Surgical "blitzes" for cataracts solve short-term backlogs but do nothing to fix systemic problems in Indigenous eye care, according to ophthalmologists writing in the Medical Journal of Australia.

Professor Hugh Taylor, chair of Indigenous Eye Health at the University of Melbourne, and his coauthors wrote that cataract surgical blitzes first occurred in Australia in the 1970s during the National Trachoma and Eye Health Program championed by Fred Hollows.

"Everyone felt a very good job was being done, but nothing really changed", Professor Taylor and his coauthors wrote.

"More recently, regular surgical blitzes, rebranded as 'surgical intensives', were started in Alice Springs and elsewhere in the NT; but these were also short-term fixes."

Blitzes are often used to redress shortfalls in service provision, and in developing countries are generally combined with building local capacity, Taylor and colleagues wrote.

However, in Australia, with no resource constraints, there is also no "concurrent development of sustainable local services".

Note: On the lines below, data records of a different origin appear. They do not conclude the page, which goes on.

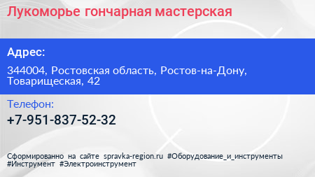 Для связи с организацией воспользуйтесь номером телефона: +7-951-837-52-32. Ежедневно с 09:00 до 20:00, вы можете обратиться в эту организацию.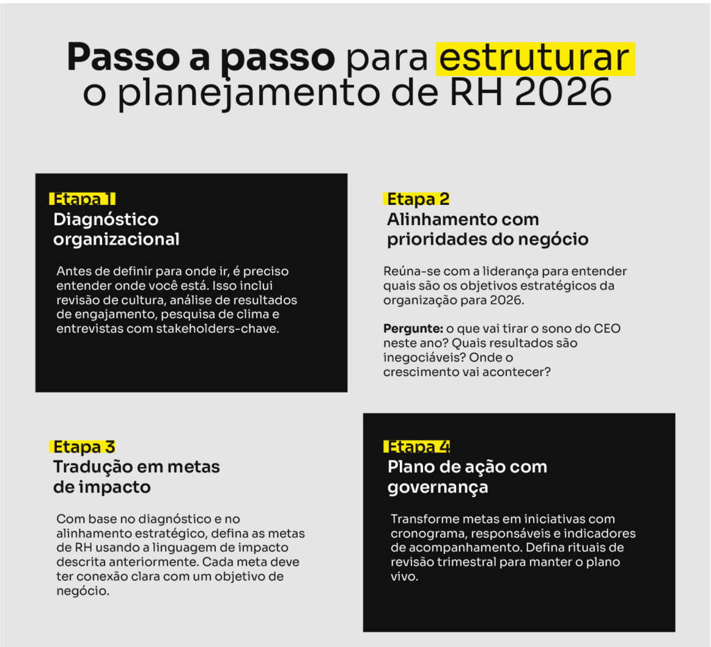 Metas bem estruturadas são o primeiro passo. Elas sinalizam para a organização que o RH entende o negócio, fala a linguagem do board e está comprometido com resultados mensuráveis.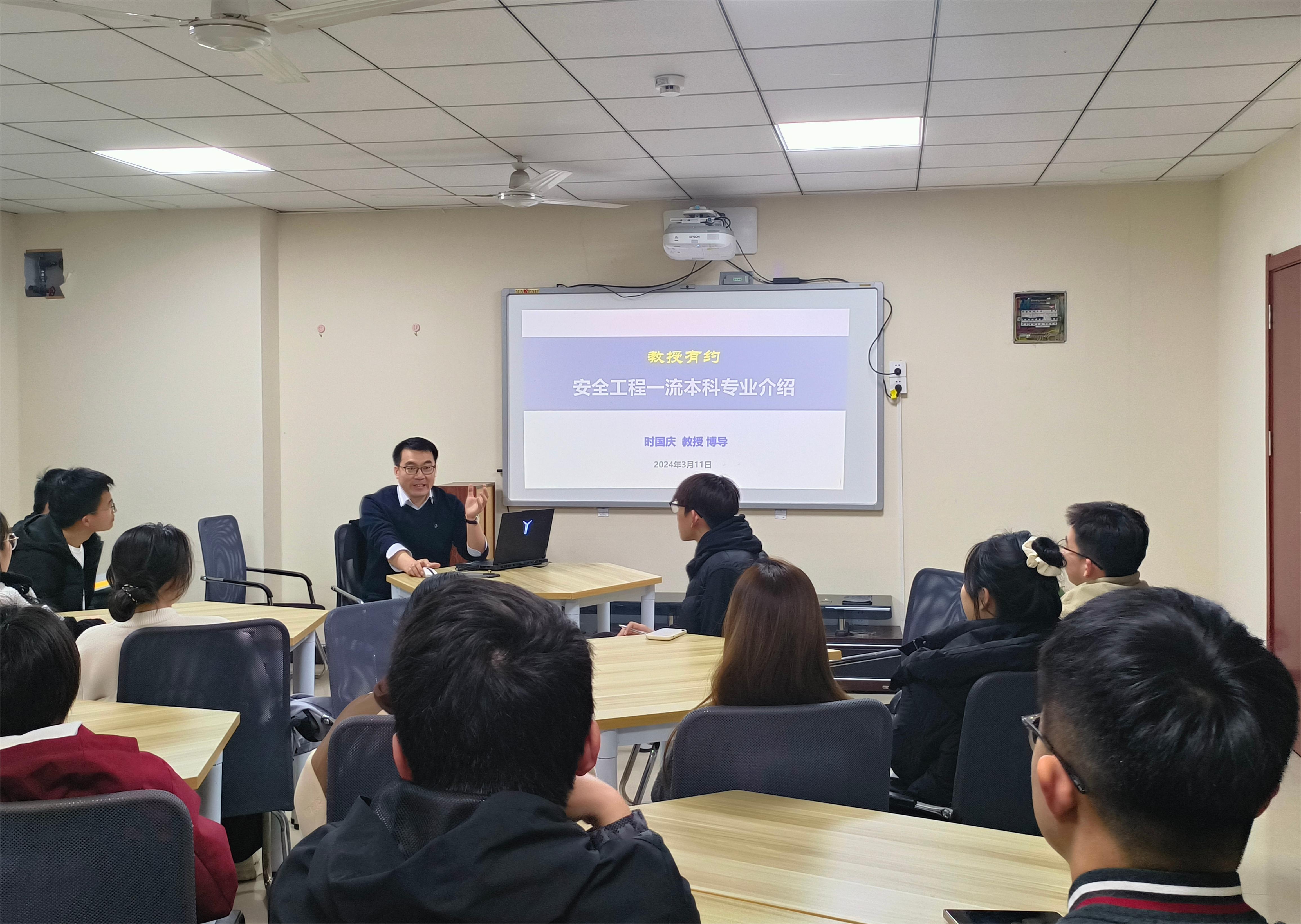 会议伊始,时国庆教授从多方面对安全工程学科建设情况进行了详细介绍,并勉励同学们找到学习的目标,坚守初心,肩负起矿大安全人的使命,同时他建议同学们不要被固有观念束缚,大胆尝试,勇于挑战。随后,时国庆教授结合自身经历,从学习、生活等方面向同学们提供了宝贵的经验。他希望同学们要学会将压力转化为动力,把握时间,找准定位,制定明确的目标与生涯规划,付诸实践,不断冲刺。讲座最后,时教授耐心解答了同学们关于专业的疑虑,并鼓励同学们要不断超越自己,为实现理想而努力奋斗。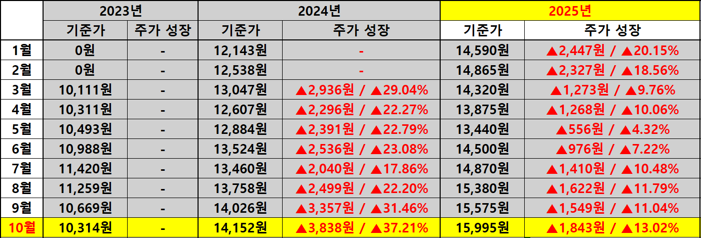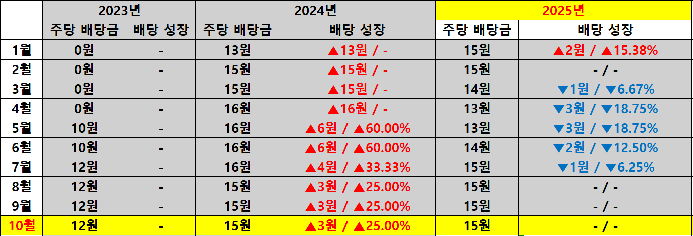 2023년에는 5월부터 월 배당이 시작되어 10월까지 꾸준히 상승세를 이어갔으며 2024년에는 전반적으로 25~60% 수준의 성장률을 보여주었습니다. 2025년 들어서는 일부 구간에서 배당금이 다소 조정되었지만 10월 기준 배당금이 15원으로 유지된 점은 배당 정책의 일관성을 보여주는 대목입니다. 결국 배당금의 절대치는 유지되면서도 변동성이 줄어든 만큼 단기 성장보다는 안정성에 무게를 둔 것으로 해석됩니다.

Aboriginal and Torres Strait Islander people have a sixfold greater rate of blindness than non- Indigenous Australians. They have 12 times higher rates of cataract blindness, but receive seven times less cataract surgery. Those who manage to get on a waiting list for surgery wait almost twice as long as non-Indigenous Australians.

"Blitzes seem to provide a quick and rewarding solution", the authors wrote. "Blitzes usually receive government and private funding, so the investors feel good that something is being done and they obtain positive publicity. "But the patients who turn up the next week do not feel so good. They do not know how long they will have to stay blind while awaiting another blitz.

"Australia in 2015 has a sophisticated health system with the capacity to provide the services required. We cannot afford repeated short-term and unsustainable surgical blitzes.

"Australia should be leading the way in showing how to deliver eye care, rather than consistently showing how not to."